Captain Eris_ Violet V0.420 12 B
Nitral-AIIntroduction
Captain-Eris_Violet-V0.420-12B is a text generation model developed by Nitral-AI. It leverages the transformers library and operates within the English language domain. The model is part of a set of merged models, utilizing advanced techniques to enhance its text generation capabilities.
Architecture
The model is a result of merging two base models: Epiculous/Violet_Twilight-v0.2
and Nitral-AI/Captain_BMO-12B
. The merging utilizes a technique called slerp
(spherical linear interpolation) across specified layers from each base model. The configuration employs a bfloat16 data type to optimize performance and efficiency.
Training
The model was configured using a YAML setup that defines layer ranges and merging parameters.
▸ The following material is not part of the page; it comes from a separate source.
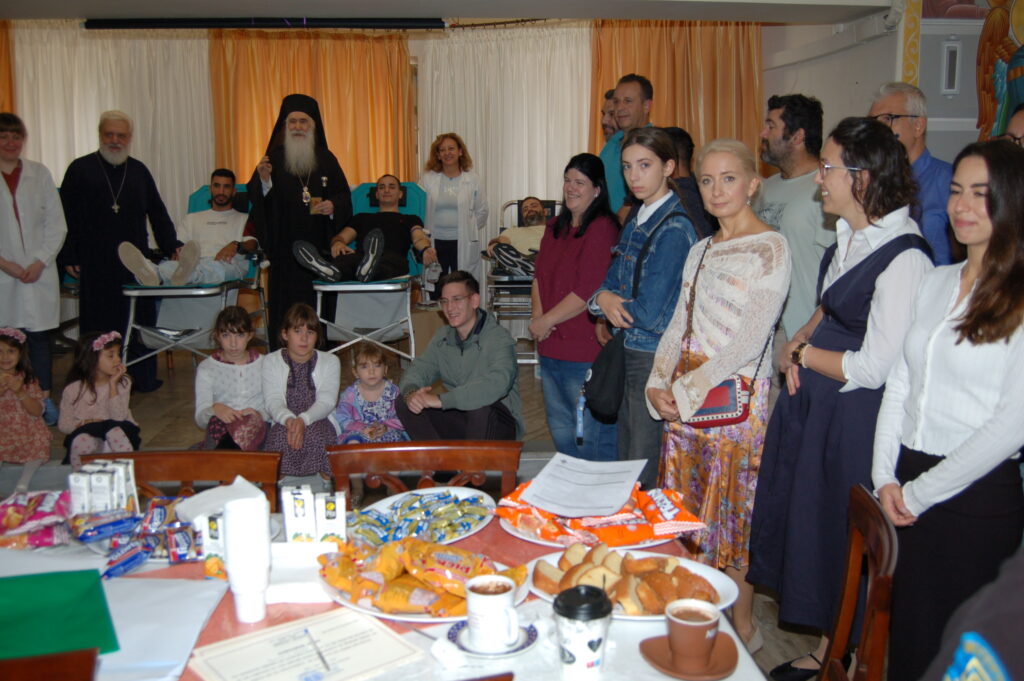 Επαίνεσε το ενοριακό έργο, συνεχάρη τους εθελοντές και ευλόγησε το Ιατρικό και Νοσηλευτικό προσωπικό του Νοσοκομείου «ΑΓΙΟΣ ΣΑΒΒΑΣ» που καλύπτει την ενοριακή αιμοδοσία.

The specific configuration includes layer slicing and filtering through self-attention and MLP (multi-layer perceptron) components to refine the model's output.
Guide: Running Locally
To run Captain-Eris_Violet-V0.420-12B locally, follow these steps:
-
Installation: Ensure you have Python and the necessary libraries installed, including
transformers
. -
Clone the Model: Download the model from the Hugging Face repository.
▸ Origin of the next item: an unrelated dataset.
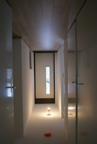 Hal met modern licht betegeld toilet met zwevend closet en fonteintje.

git clone https://huggingface.co/Nitral-AI/Captain-Eris_Violet-V0.420-12B
-
Load the Model: Use the transformers library to load the model for inference.
from transformers import AutoModelForCausalLM, AutoTokenizer model = AutoModelForCausalLM.from_pretrained("Nitral-AI/Captain-Eris_Violet-V0.420-12B") tokenizer = AutoTokenizer.from_pretrained("Nitral-AI/Captain-Eris_Violet-V0.420-12B")
-
Inference: Generate text using the loaded model.
input_text = "Once upon a time," inputs = tokenizer(input_text, return_tensors="pt") outputs = model.generate(**inputs) decoded_output = tokenizer.decode(outputs[0], skip_special_tokens=True) print(decoded_output)
For optimal performance, consider using cloud GPU services such as AWS, Google Cloud, or Azure, which provide powerful resources for handling large model computations.
License
The model is released under an unspecified license categorized as "other." Users should review the specific terms and conditions in the license file provided with the model.